RR-Net: Relation Reasoning for End-to-End Human-Object Interaction Detection
Dongming Yang,Yuexian Zou,Can Zhang,Meng Cao,Jie Chen
DOI: https://doi.org/10.1109/tcsvt.2021.3119892
IF: 5.859
2021-01-01
IEEE Transactions on Circuits and Systems for Video Technology
Abstract:The task of Human-Object Interaction (HOI) detection devotes to learn how humans interact with surrounding objects via inferring fine-grained triplets of human, verb, object . Most HOI feature learning techniques are dependent on pre-detected instance regions or human body-part regions, which are computationally expensive and hardly applicable to end-to-end detectors in real applications. In this paper, based on an end-to-end HOI detector, we make a first try to explore region-independent relation reasoning for HOI detection. We first present a Relation-aware Frame, which brings a progressive structure for interaction inference. Upon the Relation-aware Frame, an Interaction Intensifier Module and a Correlation Parsing Module are carefully designed, where: a) interactive semantics from humans can be exploited and passed to objects to intensify interactions, b) interactive correlations among humans, objects and interactions are integrated to promote predictions. Based on modules above, we construct a fully differentiable and end-to-end trainable network named Relation Reasoning Network (abbr. RR-Net).

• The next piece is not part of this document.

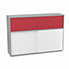 Meuble comptoir séparateur Armand H. 135 x L. 165 x P. 43,2 cm - 2 tablettes - corps mélamine gris aluminium - portes mélamine blanc neige/altuglas rouge satin

Extensive experiments show that our proposed RR-Net leads to competitive results compared with the state-of-the-art methods on both V-COCO and HICO-DET benchmarks and improves the baseline about 7.6% and 11.1% relatively, validating that this first effort in exploring region-independent relation reasoning has brought obvious improvement for end-to-end HOI detection.
engineering, electrical & electronic